Imagine her amazement that it was she, rather than pretty Elizabeth, who captured the attention of handsome aviator and national hero Charles Lindbergh. In The Aviator’s Wife, Melanie Benjamin (M) creates a fictionalized biography, or, as she says in the Author’s Note she “imagines the emotional truths” behind the Lindbergh’s marriage.
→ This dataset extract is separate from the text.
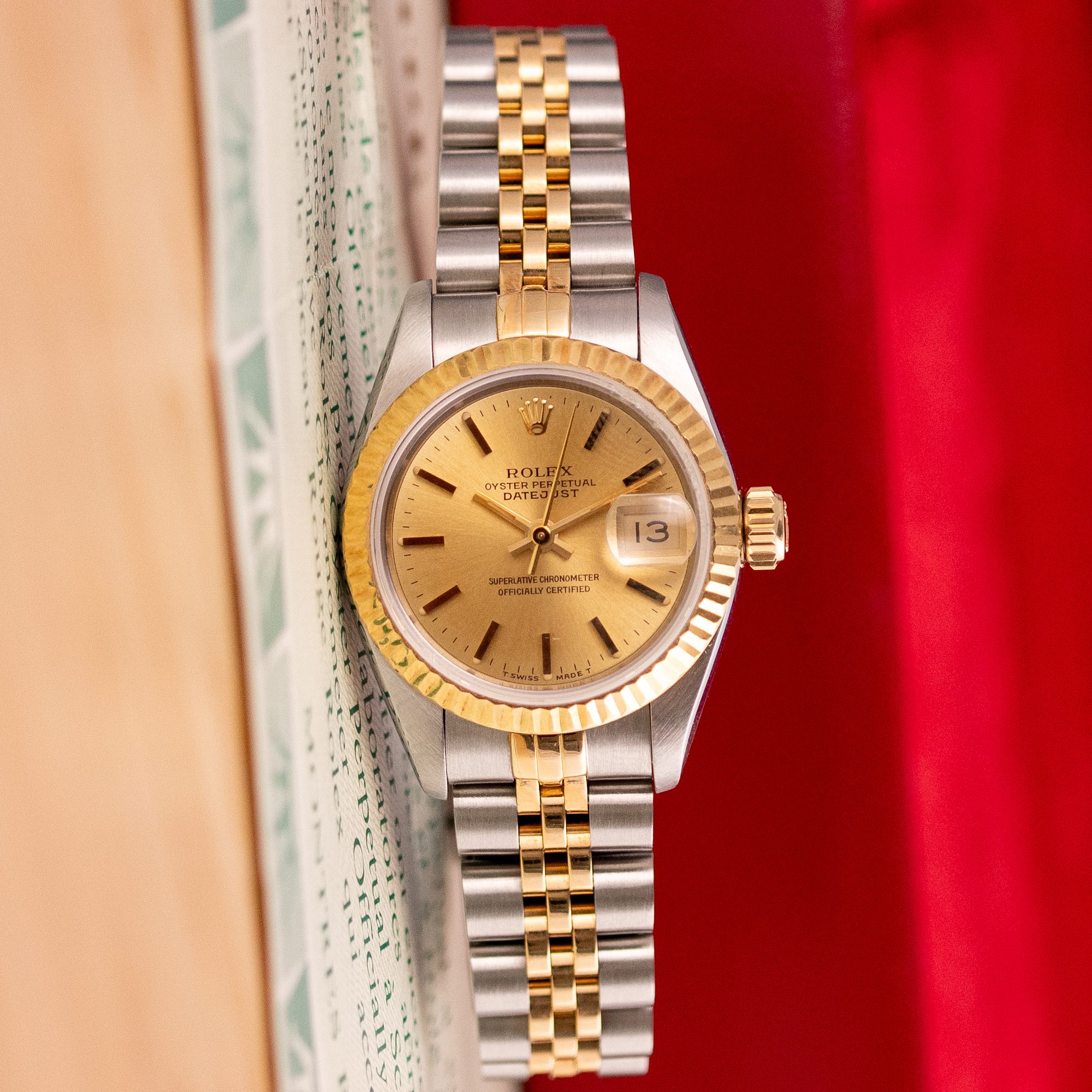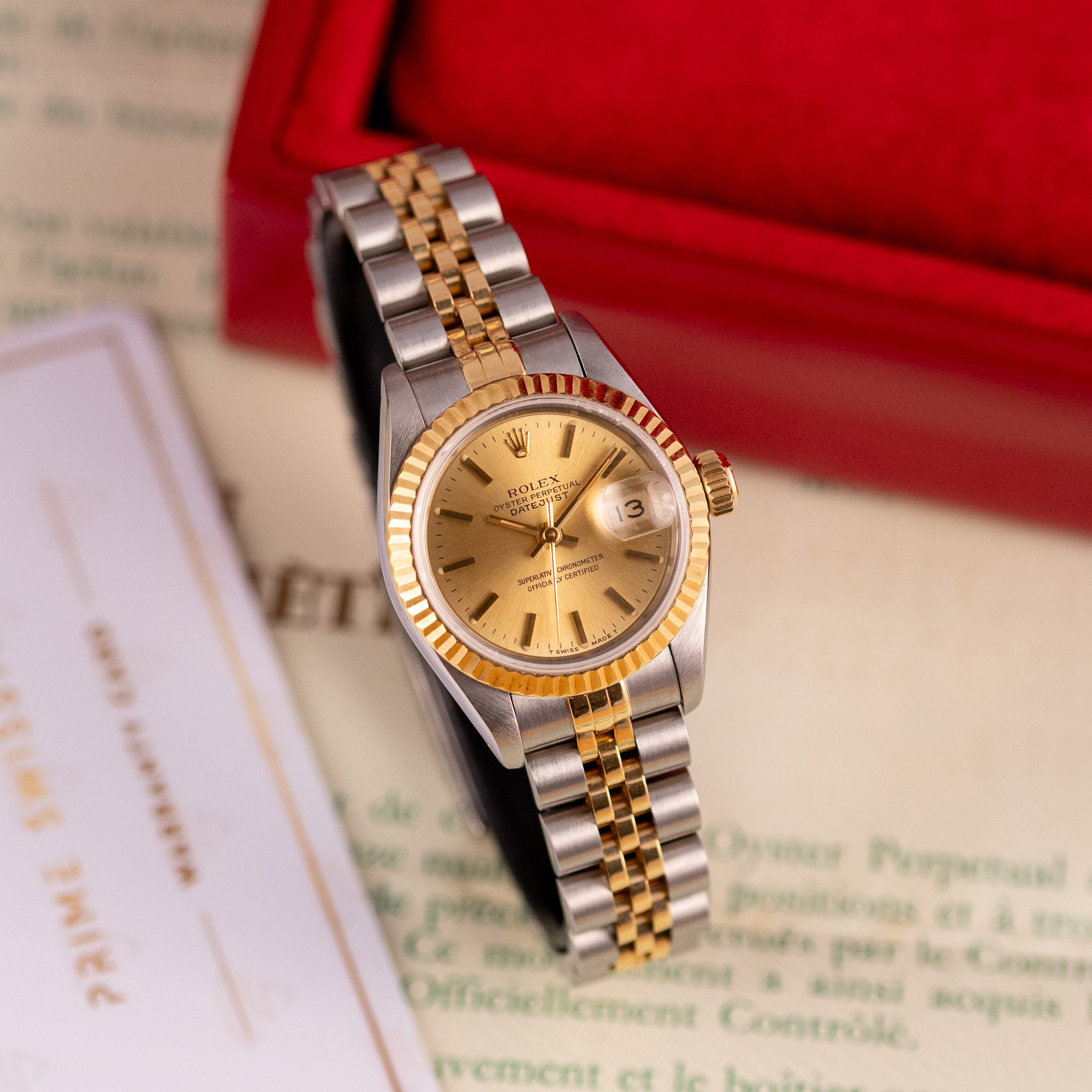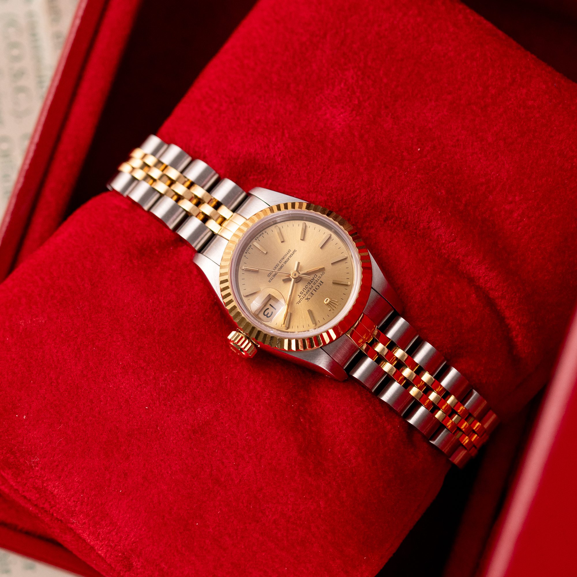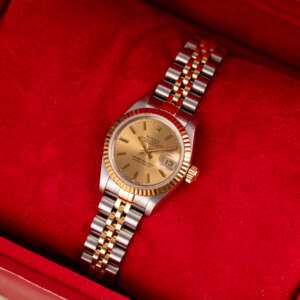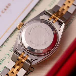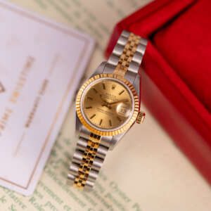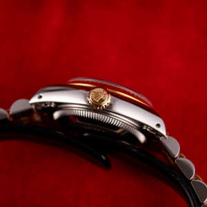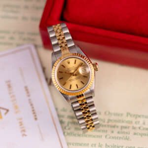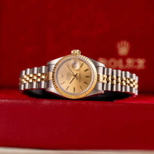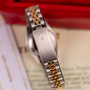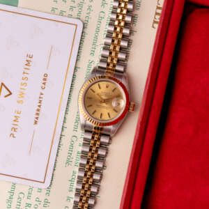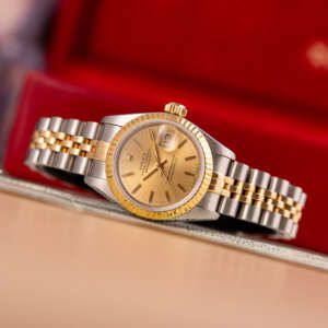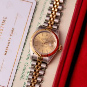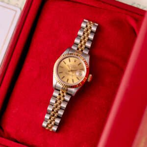 The Rolex Datejust 26, ref. 69173, crafted in stainless steel and yellow gold, features a 26mm case with a fluted bezel, embodying a classic two-tone design that seamlessly blends elegance with versatility, suitable for both formal occasions and daily wear.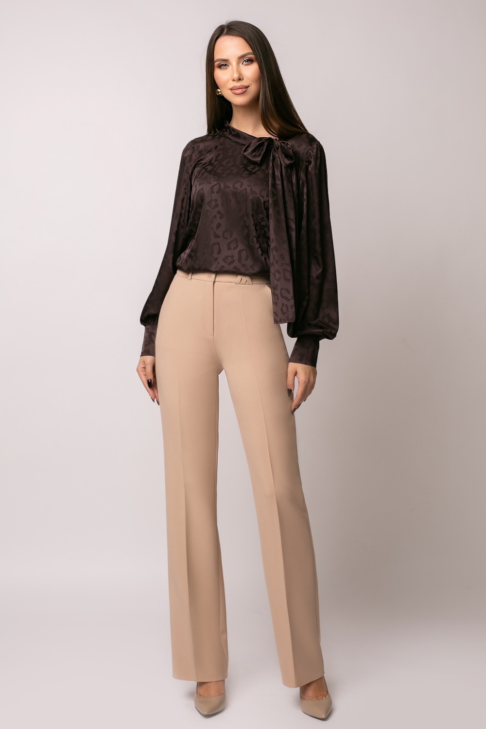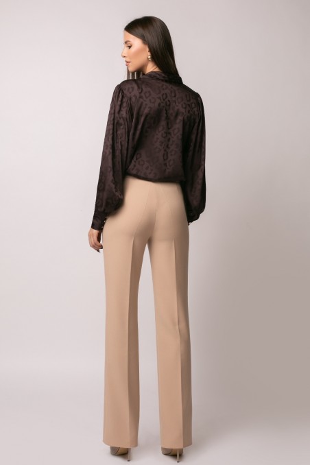 Pantaloni din stofa usor elastica Inchidere laterala cu fermoar Croi evazat

Charles Lindbergh chose Anne Morrow to be not only his wife, but also his crew. He tested her mettle in early flights and she proved herself when she was exhilarated by a mechanical failure rather than panicked. Lindbergh chose her, an ambassador’s daughter, for her intelligence, her sensibility and the purity of her line. Anne looked at her siblings with their mental and physical weaknesses and was uncomfortable but was also too enamoured of Lindbergh to speak up. So Anne learned to fly, navigate, and manage their domestic affairs from a cockpit. She went instantly from teenager to celebrity, then from mother to tragic figure. The kidnapping and murder of Charles Lindbergh Jr had and profound and lasting effect on Anne, and her controlling husband forbid expressions of grief and insisted that it never be mentioned again. She went on to have five more children, give reluctant public support to her husband’s pro-Nazi and antisemitic beliefs, and eventually become a bestselling author in her own right.
Melanie Benjamin (c)Todd Rennels |
This is a tricky piece of writing to accomplish in a first person narrative style, a mere decade after the subject’s death. It’s important to remember while reading that this is indeed fictionalized – Benjamin has created incidents that never actually happened and imagines emotions to which Anne Morrow Lindbergh never gave public expression. Her novel brings to life the complicated marriage of two complex and layered people. Lindbergh was a man who rose to great heights, figuratively and literally, and disappointed so many with his politics. Anne Morrow Lindbergh blindly obeyed her husband, and as a result accomplished feats no other woman had attempted while also betraying dear friends and herself.
Benjamin has created characters rich and absorbing enough, in my mind, to forgive any poetic license and has accomplished the task she set out for herself, and that is to inspire the reader to discover more about this fascinating woman.